Compliance. Depending on a company’s industry a company is in, investors will want to confirm the company complies with necessary local and federal regulations. These could include environmental regulations, Food and Drug Administration (FDA) regulations, or federal laws like the Health Information Portability and Accountability Act (HIPAA) for those in the health sector. And for any company collecting consumer data, investors will want to ensure data privacy practices and compliance with regulations such as the CCPA or GDPR, so companies can expect to submit their privacy policies.

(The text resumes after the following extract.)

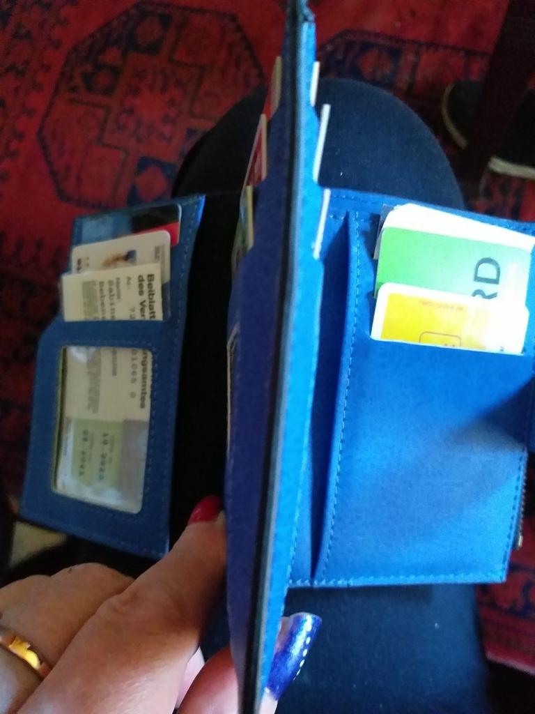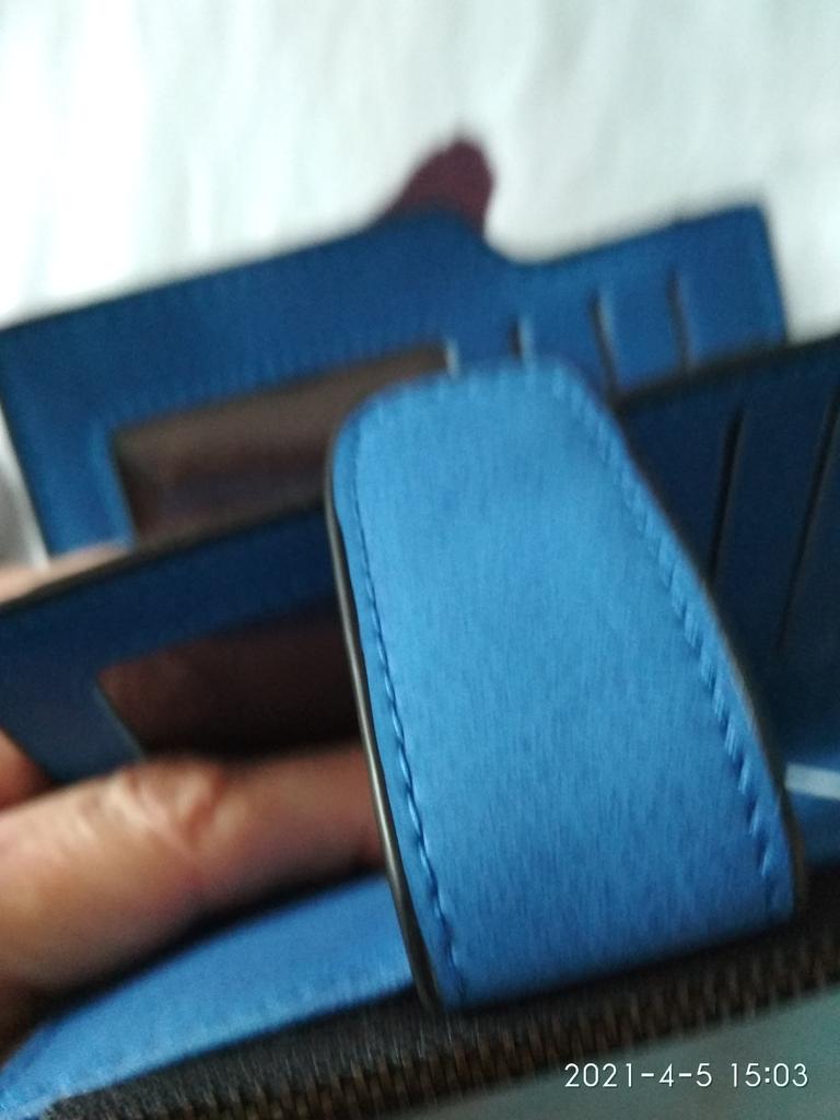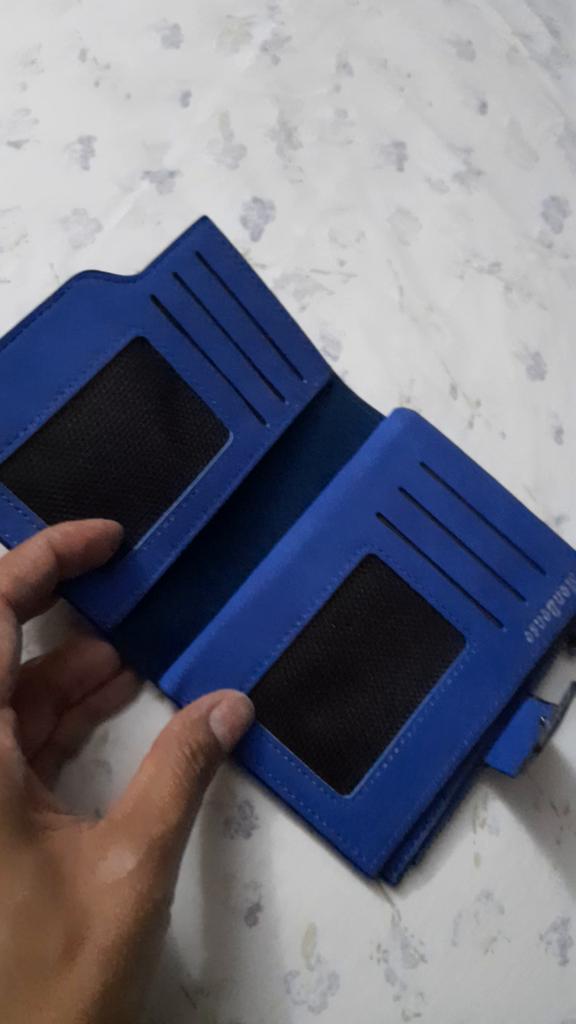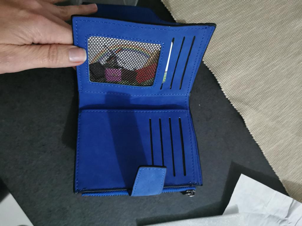 Lindo, ótimo toque, muito macio, um azul lindo, igual ao da foto, bem espaçoso, com muitos compartimentos, boa medida, muitos compartimentos para cartões e identidades. Muito completo, muito bem costurado. Adorei! !!

Bad Press and Publicity. Increasingly, investors are looking closely at a company’s—and its managers’—reputation as part of their investment assessments. If an investor learns of bad practices related to, for instance, racism, sexual harassment, or environmental issues during legal due diligence, it could be grounds for non-investment or, in some cases, a lawsuit to recoup an investment. If any of these issues exist, it’s better to be upfront about them during early stages of due diligence.
Advice for Companies.
As companies prepare to tackle the legal due diligence process, they need to be aware of—and ready to address—any issues VC investors could see as a red flag.
Stay Organized. To identify potential deal-killers early, companies should organize their documents in secure cloud sites in folders that roughly correspond to the categories described in this article, either independently or with the help of their lawyers. This type of early organization will allow a company’s management to focus on running the business when due diligence requests come through, rather than cleaning house.
Be Responsive. When legal due diligence begins, companies should respond to due diligence requests and follow-up questions in a timely manner. More specifically, management should have a plan to respond to any known issues. It may be helpful to preemptively name one person on the company’s management team to serve as the company’s point person for investor and counsel requests during the legal due diligence process.
Organization and responsiveness will inspire confidence in investors as they review a company’s legal documents, which will generally reduce the likelihood investors will try to re-negotiate deal terms or walk away. More broadly, it helps with setting a positive long-term relationship between a company and its investors.
DISCLAIMER: The subject matter discussed above is constantly evolving and may change on a frequent basis. The information contained in this post is for general education and informational purposes only.